Il loro cibo preferito? “Per Gaia il pollo, mentre per Sharon il suo biscottino quotidiano che attende in modo trepidante prima che tutta la famiglia si sieda a tavola per cena. E’ una sorta di sua abitudine fissa”. Quando qualcuno ti si avvicina sono gelose? “Gaia moltissimo. Quando era più giovane, anche se solo mio papà mi porgeva una carezza lei abbaiava senza sosta. Anche Sharon è gelosa ma sicuramente meno”. Il loro rapporto con i gatti? “Non rilevato! Non avendone in casa, non hanno mai avuto scontri particolari con dei felini”.

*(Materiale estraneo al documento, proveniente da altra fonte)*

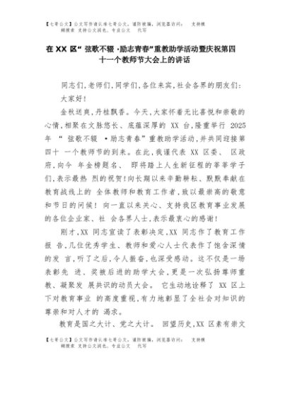 【七哥公文】2025年:在XX区“弦歌不辍·励志青春”重教助学活动暨庆祝第四十一个教师节大会上的讲话+更多免费公文+VX:QiGeGongWen2024
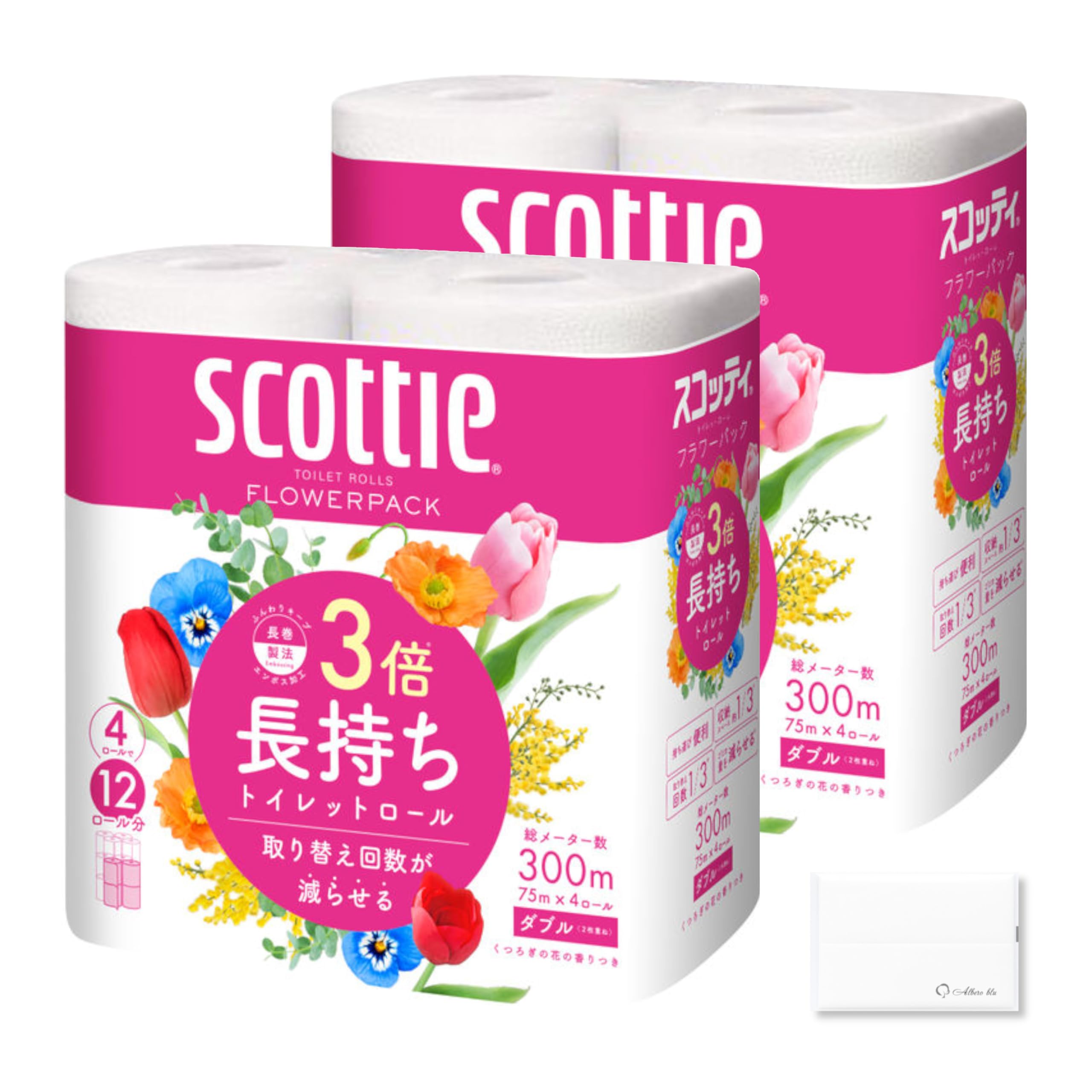 【新着商品】スコッティ フラワーパック 3倍長持ち トイレットペーパー 75m ダブル(75m * 4ロール * 2袋セット) SCOTTIE オリジナルティッシュ付 まとめ買い
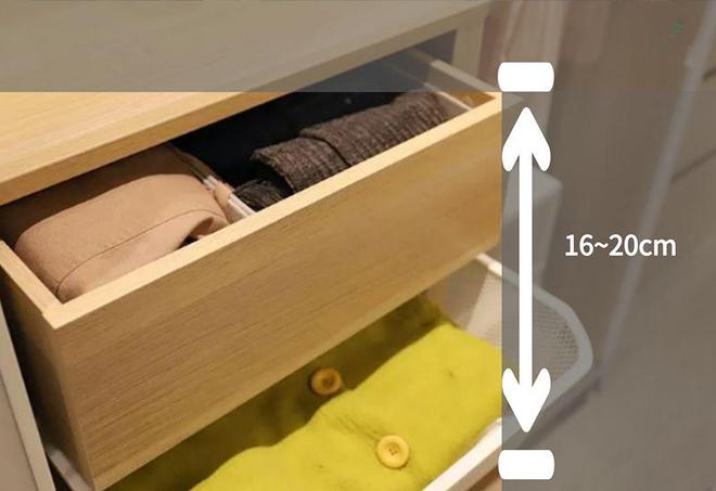 抽屉的高度建议在16-20公分之间,这样的高度非常适合收纳贴身衣物、袜子和手套等小件物品,既方便取用,又能保持衣物的整齐。抽屉的巧妙设计,让小物件收纳更加有序。

Mentre con gli altri cani? “Gaia è sempre stata molto restia, così come verso Sharon, la quale al contrario è sempre molto curiosa di fare nuove conoscenze”. Quando viaggiate a chi li affidate? “Li abbiamo sempre portati con noi. In quest’ultimo periodo, vista l’età di Gaia, spesso sta a casa e in qual caso l’affidiamo alla nonna o facciamo a turno di modo che non resti mai sola”. Cosa rappresentano per te? “La mia passione più grande. Sono sempre felici e affettuosi, non chiedono mai niente in cambio e ti danno solo affetto. Sono amore puro. Un vero sogno”.